Он оглянулся и увидел отбегающего от телеги Андрея Ивановича Бородина.
Успенский остановился, Бородин подошел к нему. Поздоровались.
– Слыхал, что у нас творится? – спросил Бородин и, не дожидаясь ответа, торопливо стал рассказывать: – Клюева раскатали в пух и прах.

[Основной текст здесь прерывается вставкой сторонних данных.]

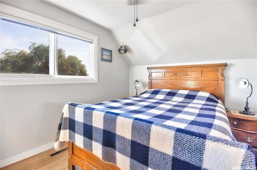 A true gem on Goshen Place—this 913 sq. ft. 1 ½ story home offers three bedrooms, two bathrooms, and is in absolute mint condition. Set on a large 52' x 150' lot, it features a freshly painted exterior with new soffits, fascia, and troughs, PVC windows (2009), storm doors (2014), a 2017 hot water heater, upgraded light fixtures, shingles on house and shed (2023) and central air conditioning. The kitchen is enhanced with custom sliding drawers, while the fully finished basement provides a cozy electric fireplace and extra living space. The south-facing backyard is private, sunny, and beautifully landscaped with mature trees, vibrant flowers, fruit trees, blueberries, and strawberries. Enjoy outdoor living on the three-tier deck with included gazebo, all within a fully fenced yard complete with RV parking. Rounding out the property is a 26' x 26' garage, built in 2012, with 10' interior walls, 50 amp service, RV plugs, and trenched-in power—ideal for storage, hobbies, or recreation. This home offers the perfect balance of modern updates, outdoor beauty, and functional space—ready to move in and enjoy.
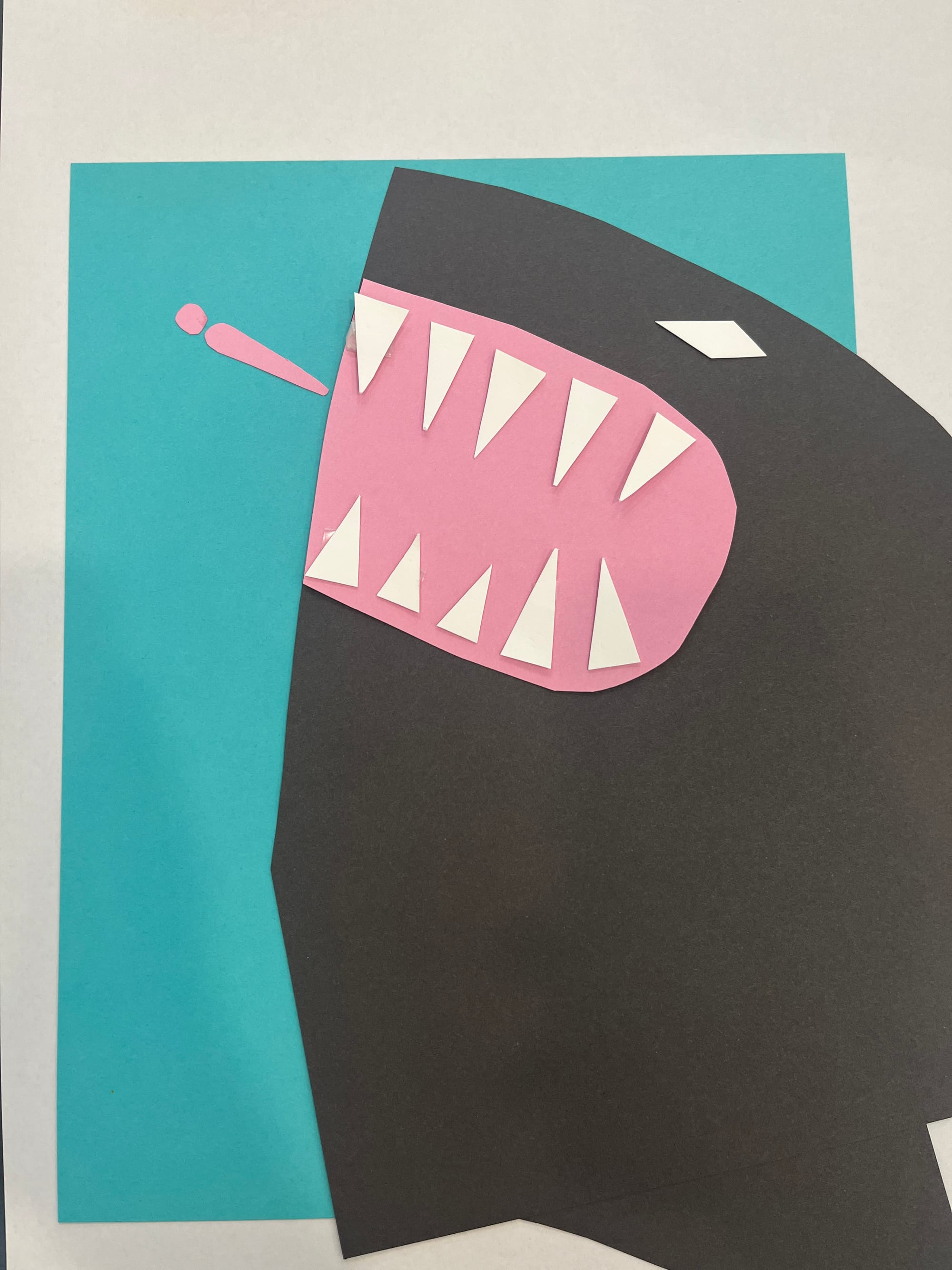 I chose four colors: white (required), pink, dark gray, and light blue. I started cutting and arranging shapes. My first version used pink for the shark’s gums, but it didn’t feel threatening enough. I switched to red, and it instantly felt more urgent and dramatic!

– Слыхал. Говорят, его посадили?
– Вместе с сыном. В Рязань угнали. Он ведь человека убил в запале… Добро все с молотка пошло, за бесценок. А напоследок сняли иконы вместе с божницей, раскололи в щепки и сожгли на глазах у всего народа… Какие иконы были! Какая божница!.. Кружево.
Успенский только головой покачал.
– Это варварство.
– Не говори! А ноне церковь у нас закрывают. Колокола сымать будут. Попа еще вчера забрали. Кого-то из арестантов привезли. Наши все отказались. Даже последние мазурики не пошли на такое дело. Боятся. А я вот бегу… Бегу, лишь бы не видеть… Эх! Мать твою… – Он хлопнул кнутом по земле и длинно, заковыристо выругался…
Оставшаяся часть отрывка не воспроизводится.